Inside his tight corset, so was Haskons. He stared at himself in the mirror. All that he recognized were his eyes, gazing back at him in a kind of stricken glazed terror. Completing his midnight-blue ensemble, he wore long satin gloves up to the elbow, with large flashing rings on his gloved fingers. A dinky gold shoulder bag with thin gold straps dangled at his waist. His feet were killing him.

Lillie’s face was lost in fluttering ostrich feathers. The rest of him was a shimmering vision in puce lamé, a V-split up the back of the dress almost to his panty line. His short blond wig kept slipping over one eye, and it was the devil’s own job trying to tug it straight, the false red nails getting snagged and entangled. Also, he was dying for a piss. He suddenly wondered how, with these bloody pointed nails, he was going to manage that simple act. He might do himself a serious mischief.

“It doesn’t stop on any of the other floors,” Red said, pointing to the indicator panel.

“I know,” Hebdon said, giving him a surly look.

Haskons had already had second thoughts. He was on about his fourth or fifth. “Red—if we want to leave, is this the only way?”

But Red was more preoccupied with the appearance of his two protégés, inspecting them critically, a pat here, a tweak there.

“Well,” he observed crisply, an eyebrow raised, “I doubt if you’ll pull anything, but that said, I think it’s a good job.”

“How do we work it then?” Haskons asked, dry-mouthed.

“I won’t be on until about twelve-thirty. Then I have another show—at Lola’s, two o’clock.” He wagged a finger. “But I will need the wigs back, so I’ve left the main front door key under the old scraper thing . . .”

“Don’t you have a spare set?”

“No, I’m not a permanent fixture,” Red said tetchily. “But I’m working on it.” He groomed himself in the mirror with little fluttery movements, and moistened his lips. “I’m also really nervous. Why I said I’d do this . . .” He shook his head at himself. “Names—what are you calling yourselves? And voices, don’t put anything on . . . we don’t . . .”

“What you calling yourself?” Haskons asked Lillie.

Red pointed to Haskons. “You be Karen. You . . .” He frowned at Lillie. “Jackie’ll do. Remember, this is my life. This gets out, and it won’t be worth living. Don’t fiddle with the wigs.”

The doors opened. Red straightened up, head high, shoulders back.

“Here we go, eyes and teeth, luvvies.”

Queenlike, he sailed out into the foyer, Karen and Jackie traipsing behind like two dowager duchesses.

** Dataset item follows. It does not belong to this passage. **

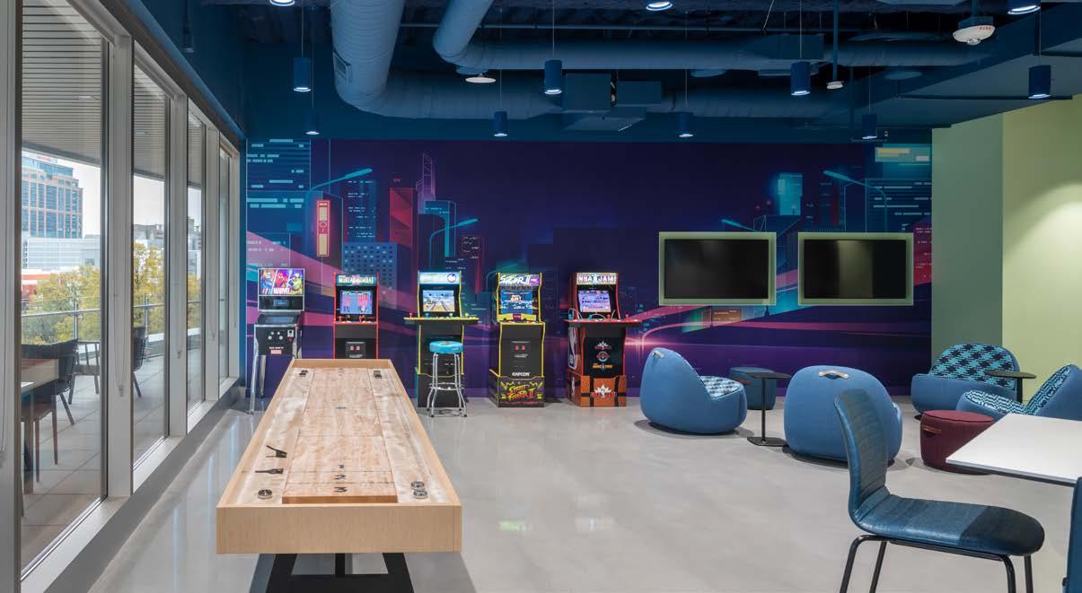 Every element of Armstrong’s new space, from location to unique offerings, was designed to emulate an energetic work environment with the goal of attracting and retaining talent. A large break area serves as a place for gatherings, open workspaces encourage collaboration, and an employee game room encourages camaraderie. A large boardroom, private offices, and conference rooms add flexibility to the work environment.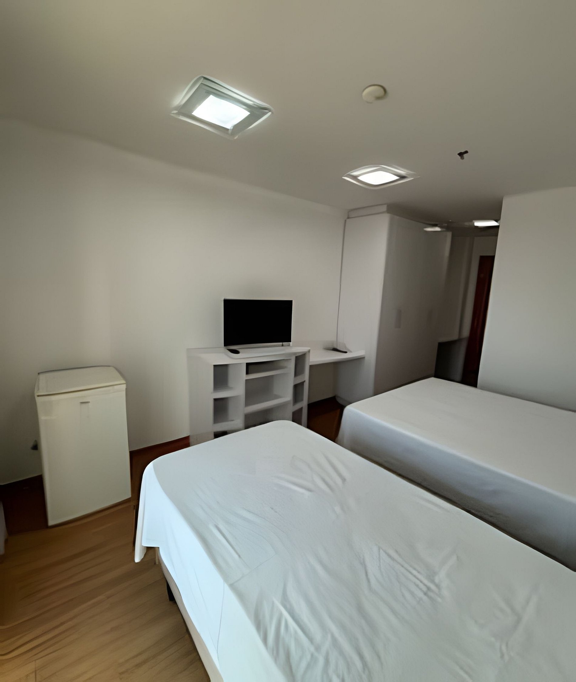 Configuração do quarto 1 cama de casal Box (1,38x1,98) 1 cama de solteiro box(88x1,98) 1 cama auxiliar (88x1,98)

Tennison’s resolve had been busted wide open. She was halfway through her second pack already, the room a blue mist of smoke, the ashtray spilling over onto the table. Two silver coffeepots, one empty, one half full but nearly cold, were on the tray with two dirty cups.

Crouched over, a cigarette sticking out of her mouth, she was frowning with concentration as she listened to Connie’s voice on the headphones. These were the conversations Jessica Smithy had taped, which Tennison had heard a dozen times before. But in light of the information supplied by DCI Lyall she was hoping desperately to make new connections, ferret out some tiny fact that until now had seemed obscure or unimportant or both.

“. . . no, I mean top brass—there’s judges, barristers, Members of Parliament.” The innocent little voice that had the impervious quality of a six-inch steel nail driven through it. “I know them all, but I’m not stupid, Miss Smithy. I need some guarantee.”